*DATA FOR ANALYSIS*
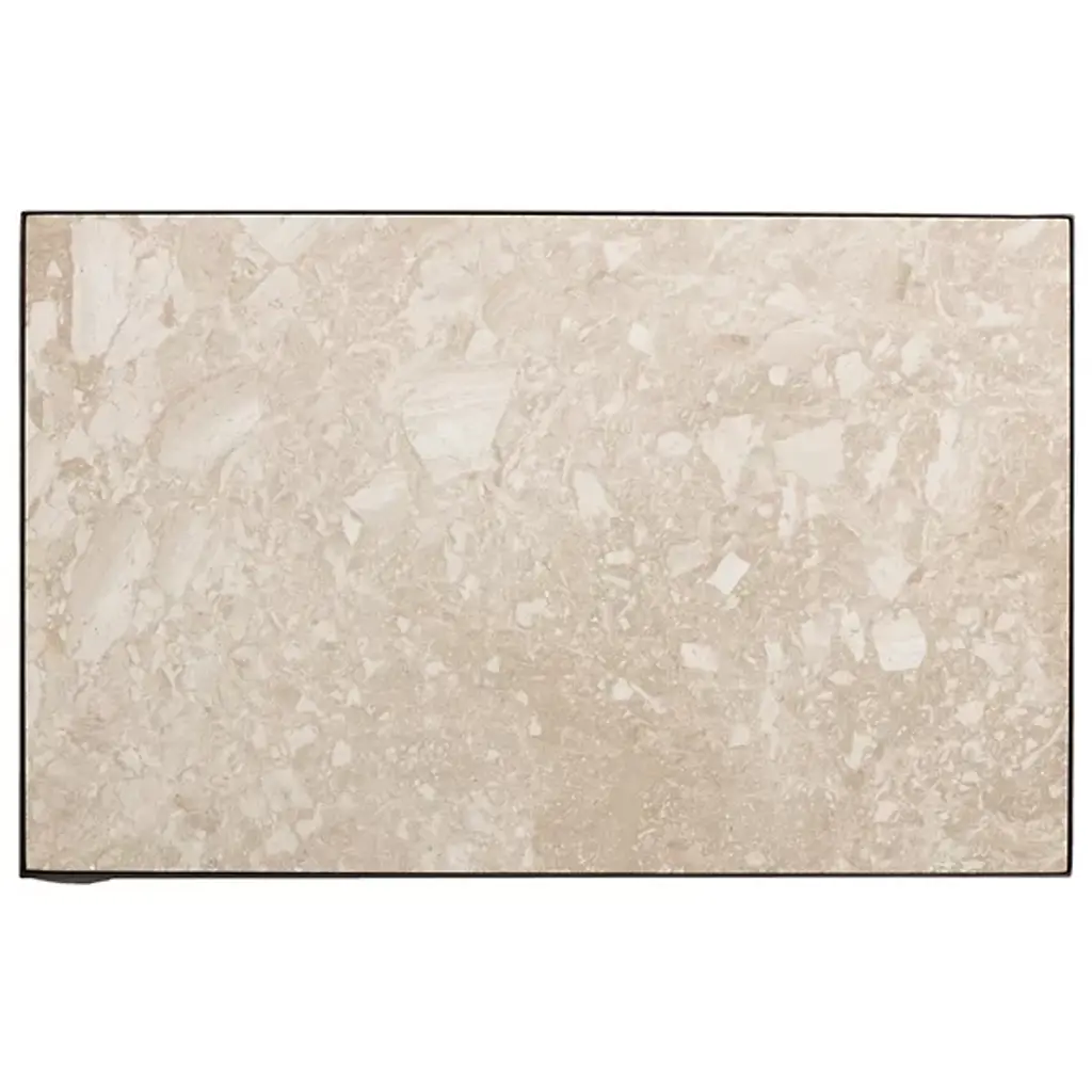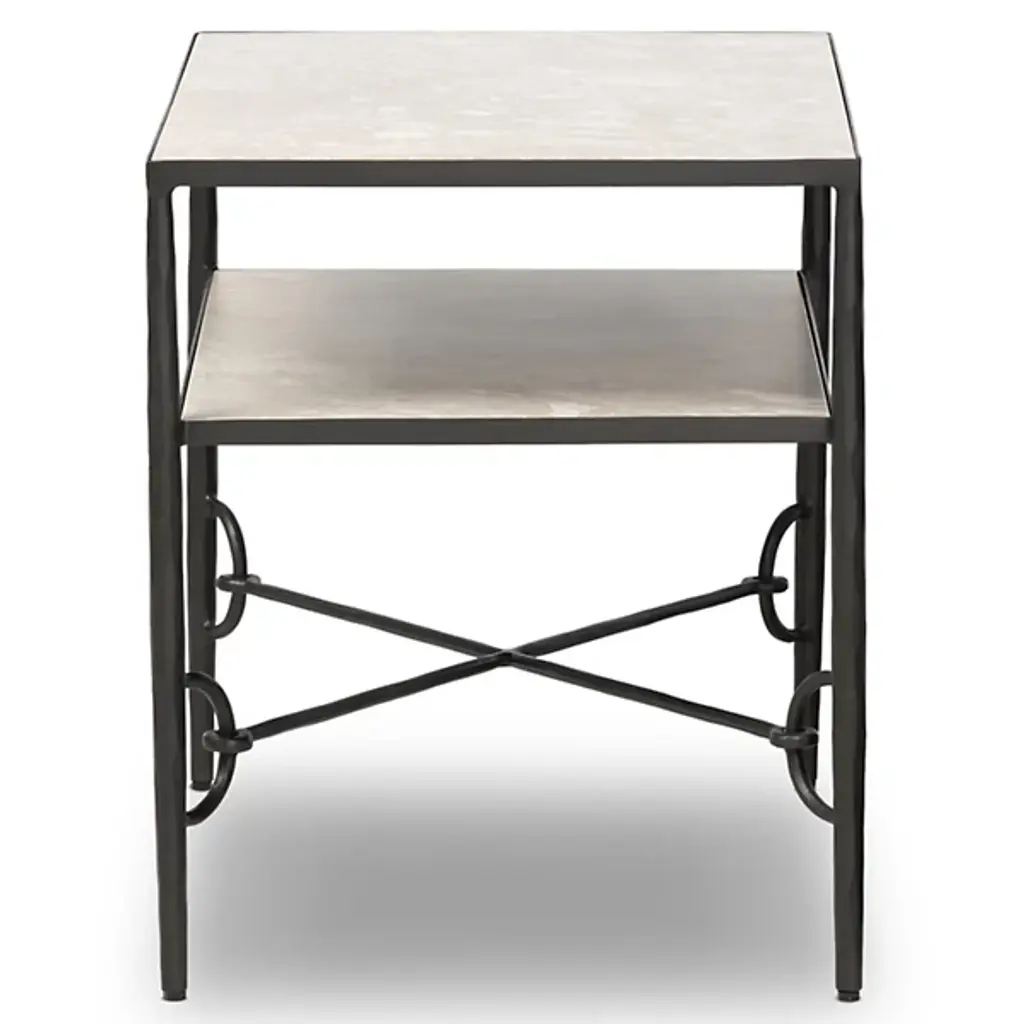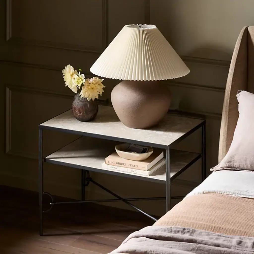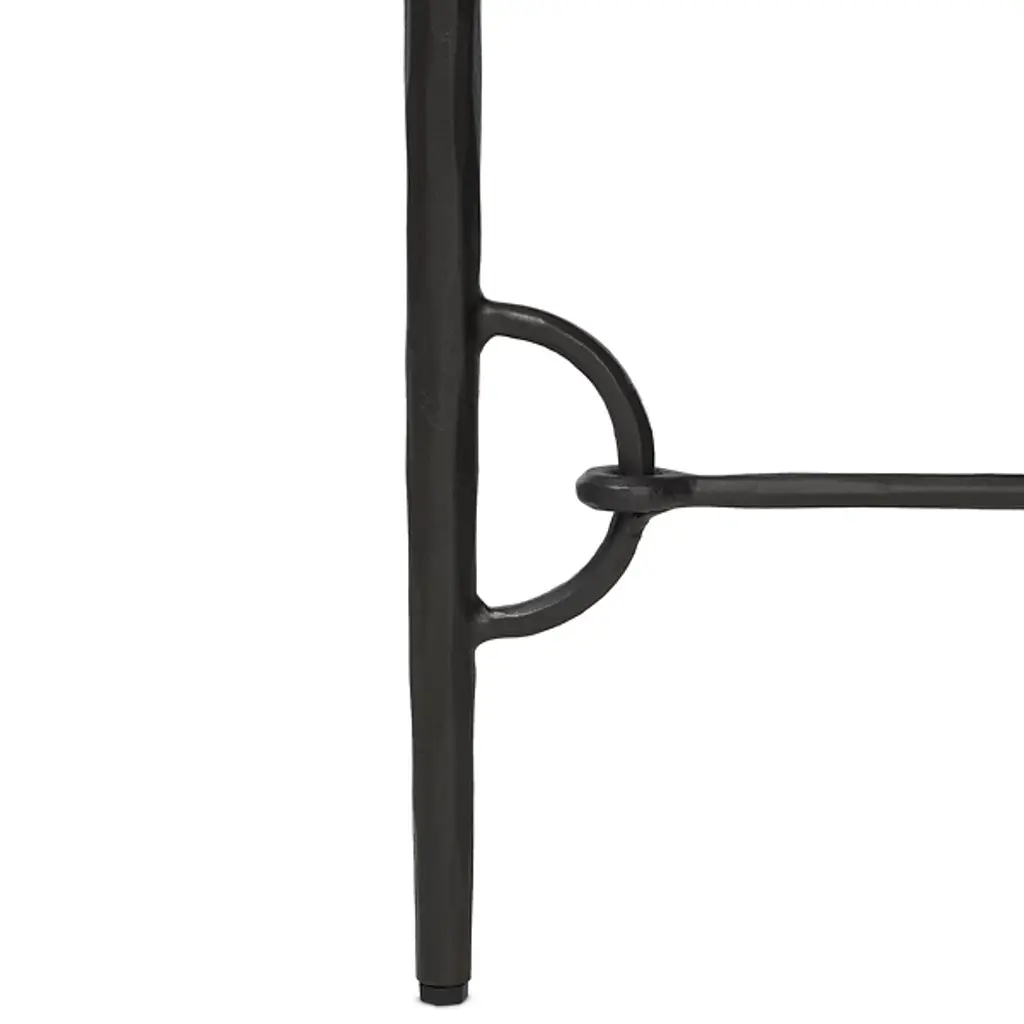 The Babylon Nightstand from Four Hands matches direct design with slender refinement. A hammered gunmetal frame supports two slim marble shelves with an open interior ideal for small item storage. An X-shaped base joins the slender, vertical legs via curving metal loops, adding an element of fine detail to the design. The marble shelves feature natural inclusions and imperfections, providing a unique organic character to each nightstand.
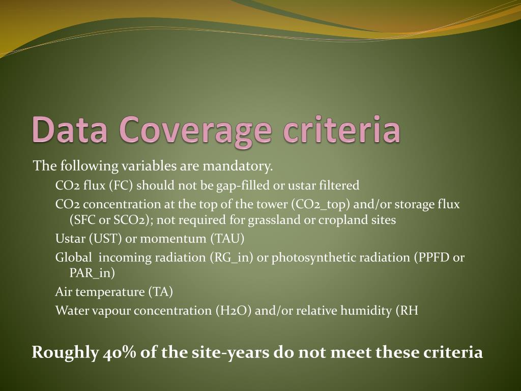 Data Coverage criteria The following variables are mandatory. CO2 flux (FC) should not be gap-filled or ustar filtered CO2 concentration at the top of the tower (CO2_top) and/or storage flux (SFC or SCO2); not required for grassland or cropland sites Ustar (UST) or momentum (TAU) Global incoming radiation (RG_in) or photosynthetic radiation (PPFD or PAR_in) Air temperature (TA) Water vapour concentration (H2O) and/or relative humidity (RH • Roughly 40% of the site-years do not meet these criteria
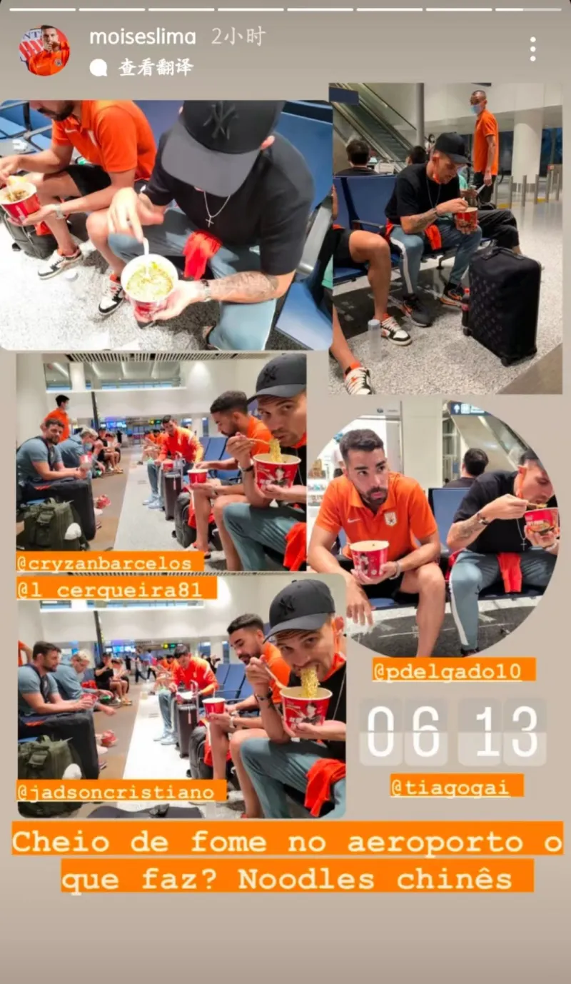 莫伊塞斯晒出的照片里,德尔加多、克雷桑、贾德松三人都在吃泡面。莫伊塞斯也写道:“在机场饿了怎么办?品尝中国的泡面。”
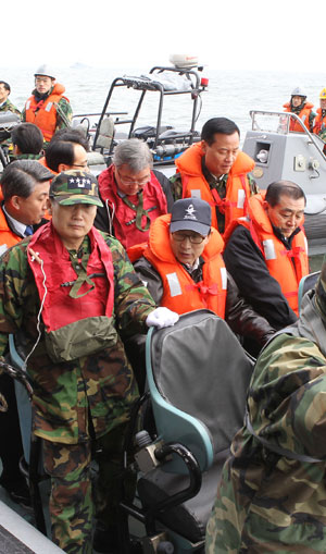 이 대통령은 다시 고무보트 편으로 독도함에 돌아왔다가 헬기 편으로 백령도에 있는 해병 6여단에 도착해 관련 보고를 받았다.
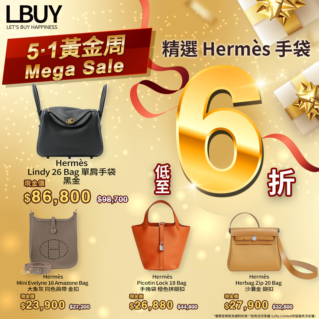 【5.1 黃金周 Mega Sale・精選H手袋低至6折👜】
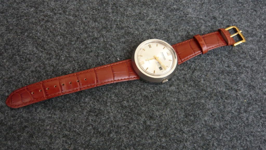 ตัวเรือนสแตนเลส ทรงUFO หน้าปัดบอน์ท สภาพNOS

*EXERCISE DETAILS*
The lines to be quoted run from the line containing "莫伊塞斯晒出的照片里,德尔加" through the end of the entries above, both included; quote them exactly and leave out any pictures.

*ANSWER BOX*
 莫伊塞斯晒出的照片里,德尔加多、克雷桑、贾德松三人都在吃泡面。莫伊塞斯也写道:“在机场饿了怎么办?品尝中国的泡面。”
 이 대통령은 다시 고무보트 편으로 독도함에 돌아왔다가 헬기 편으로 백령도에 있는 해병 6여단에 도착해 관련 보고를 받았다.
 【5.1 黃金周 Mega Sale・精選H手袋低至6折👜】
 ตัวเรือนสแตนเลส ทรงUFO หน้าปัดบอน์ท สภาพNOS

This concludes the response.